Despite appearances to the contrary, when he returned he
insisted he was more than prepared for the match. Normally
an enthusiastic connoisseur of the Vegas nightlife, he said
he opted to watch a movie in his hotel room the night
before and get a good night's sleep.

"We're going to kick it up," he told Hamilton. "I'm going
to go all Tin Cup on your ass." He said he wanted to play
for $50,000 a hole, significantly more than the mere
thousands they had played for before.

Hamilton gladly accepted the terms, but acknowledged, "This
is kind of scary. I've never played Kasey when he wasn't
hung over and working on no sleep."

(It crossed my mind then that this whole thing might be an
act, a gag to make a credulous journalist look foolish.
Fifty grand a hole seemed ridiculous on its face. Yet as
the day progressed, I became convinced otherwise. Hamilton
is a very public high roller; Mason was so clearly
unguarded and open about his life as to be thoroughly
believable; and as the debt mounted, I could see the
pressure build on Thompson. What's more, this match, I
found out when talking weeks later to a prominent local
journalist, had become the talk of Vegas gambling circles.)

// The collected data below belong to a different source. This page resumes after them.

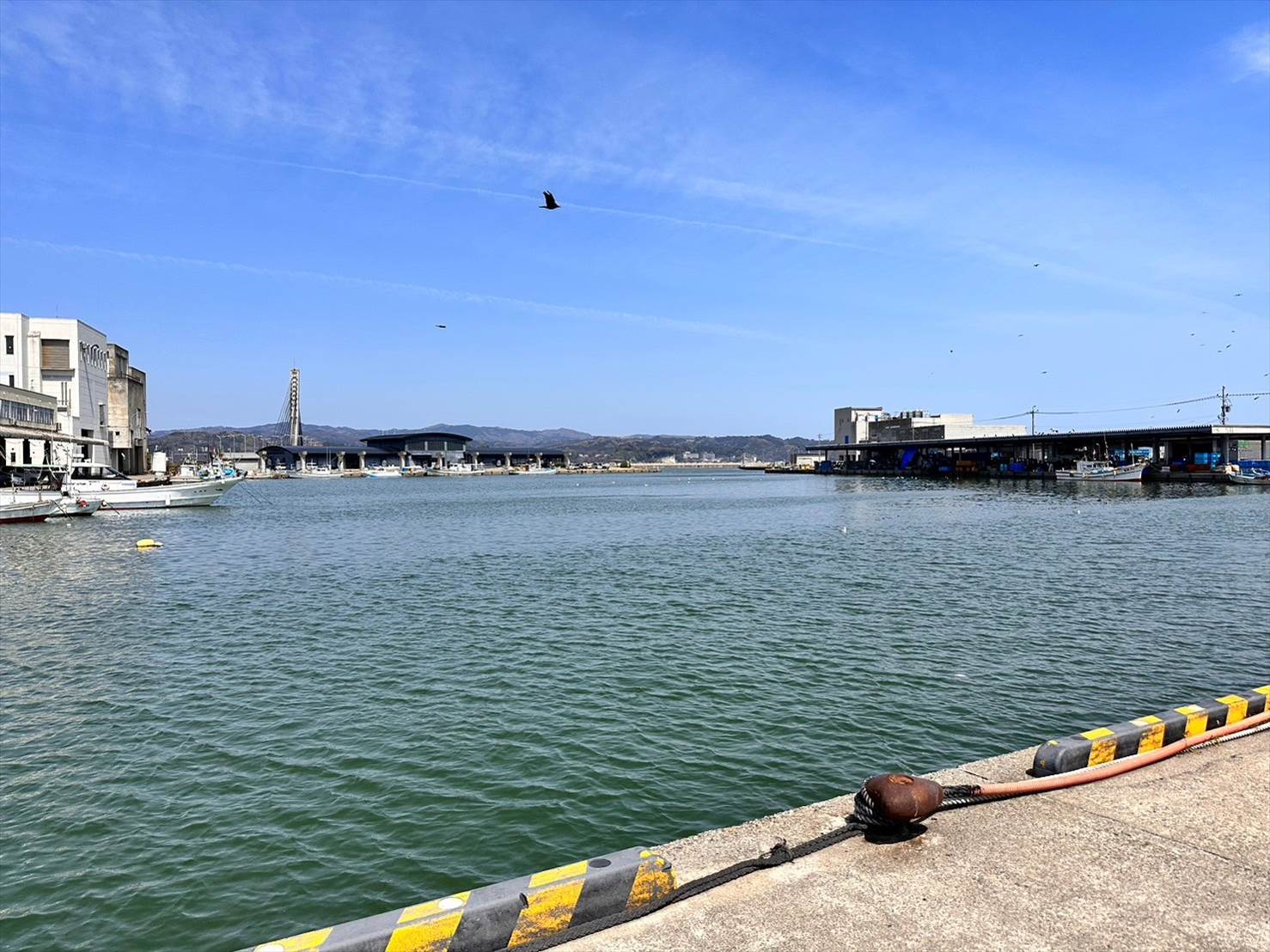 氷見魚市場食堂は海沿いの魚市場に位置しているため、周囲は漁港らしい開放的な光景でしたね~!
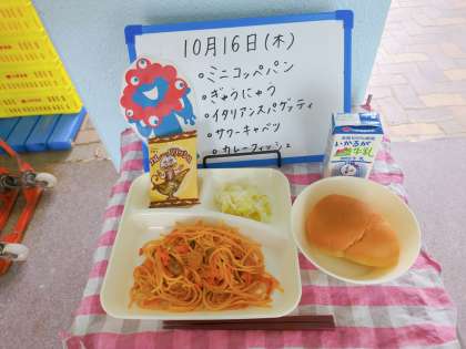 今日の給食は、ミニコッペパン、牛乳、イタリアンスパゲッティ、サワーキャベツ、カレーフィッシュです。
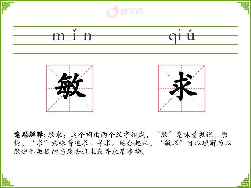 “敏求”这个词对我来说,代表了积极的学态度和对知识的渴望。在语言学和表达中,它提醒我要保持敏锐和敏捷,不断追求进步和卓越。
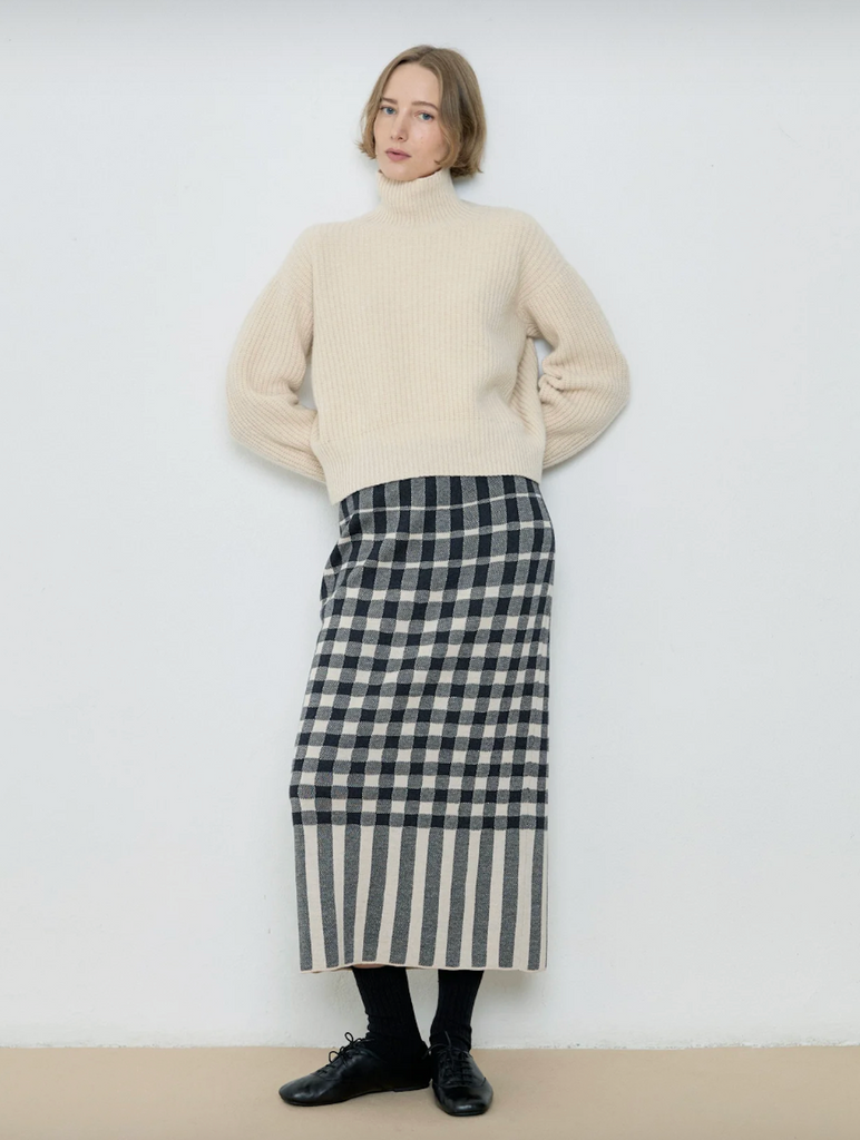 Turtleneck sweater knitted in soft Cashmere and Merino wool blend yarn. Slightly cropped, this relaxed-fit sweater features a fisherman's rib texture and intentional stitch increases on the sleeves. 10% Cashmere 90% Merino. Made in Spain in a local and family-run factory. Hand wash only. Do not tumble dry. Do not bleach. Iron in low temperature. Can be drycleaned.
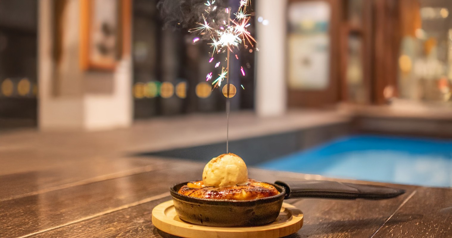 花火大会当日限定で、コースメニューにてご提供する当店自慢のスイーツ 「ENOSHIMAベーグルフレンチトースト」 に、特別な花火の演出をご用意いたしました。写真や動画に映える華やかな演出で、味わいだけでなく思い出にも残るひとときをお楽しみいただけます。

Mason joined them in the clubhouse minutes before their tee
time and tried to interest Hamilton in a side match. Mason
moaned that he had stayed up until 4 a.m. partying and had
not played in close to four months. But it's hard to
sandbag a sandbagger, and Hamilton refused to go for the
bait. He offered to play Mason straight up.

"That's crazy," Mason muttered after reluctantly agreeing
to a $5,000 Nassau. "Russ used to give me a stroke a side
when I was playing twice a week."

On the first tee, Hamilton extracted an industrial-size
tube of Vaseline from his bag and squirted a healthy dose
on the fender above the left wheel of his cart. When
applied to the club face, the Vaseline—known among
hustlers as "grease"—eliminates spin and makes it
close to impossible to hit troublesome hooks and slices.
Hamilton has been playing with grease so long now that he
refuses to play without it. Among most golf gamblers, there
is a widely accepted set of rules: You putt everything out
and you play everything down. Other than that, anything
goes. You can carry twenty-six clubs if you want, including
some you built in your garage, and you can most certainly
use grease.

On every fourth or fifth tee box, Hamilton dipped his index
finger in the grease on his cart and smeared it across the
face of his driver. Thompson never applied any Vaseline to
his club. I asked him on the first tee how long he'd been
gambling on golf, and he replied, loud enough to make sure
Hamilton and Mason could hear: "Just a couple of months,
since I met these two hustlers." Then he turned to
negotiate a bet with Mason, agreeing to play for a
relatively paltry $2,000 per hole.

Thompson striped his opening drive 275 yards down the
middle of the fairway. Hamilton followed with a serviceable
shot, though his ball landed well short of Thompson's, and
Mason met his own low expectations with a liner into the
left rough. With that, we were off, Hamilton and Thompson
in one cart and Mason and I in another.

Mason, 47, moved to Las Vegas in 1983 from Arkansas and
owns a furniture store along with several other local
businesses. Tall and jovial, he proudly indulges in the
many vices Vegas has to offer. "Most people come out here
and party and don't sleep for three days. I've been doing
it for twenty-three years," he said. He marks his ball with
a $5,000 chip from the Bellagio. He told me he recently
beat the founder of a discount grocery chain out of several
hundred thousand on the course.

"So many people are egotistical about their game," he said.
"They'd like you to believe they have a lower handicap than
they actually have. [Russ and I] will tell you we're a
little higher. There's a good life lesson there—it
pays to be humble."

Mason walked across the fairway to his wayward drive and I
pulled up next to Hamilton as he hit his approach to the
first green. He made solid contact but the ball landed
short and just hopped on the fringe. It was an average shot
at best, I thought, but he seemed disproportionately
pleased.

"You don't want to be sticking pins," he explained, after
making sure Thompson was out of earshot. "You just want to
bump it up there and then chip and putt. It makes them
think you're not that good."

Hamilton, though, failed to make par and tied Thompson with
a bogey. Both took a slight lead over Mason, who skulled
his approach and made double. As if on cue, the beverage
cart rumbled to a stop next to the green and Mason ordered
two screwdrivers, despite not having finished the beer he
brought out from the clubhouse.

After the third hole, with no movement either way in the
bet between them, Mason tried to entice Thompson to up it
to $10,000 a hole.

"I'm out here drinking and you're out here like some hack
enjoying his Sunday afternoon stroll," he said.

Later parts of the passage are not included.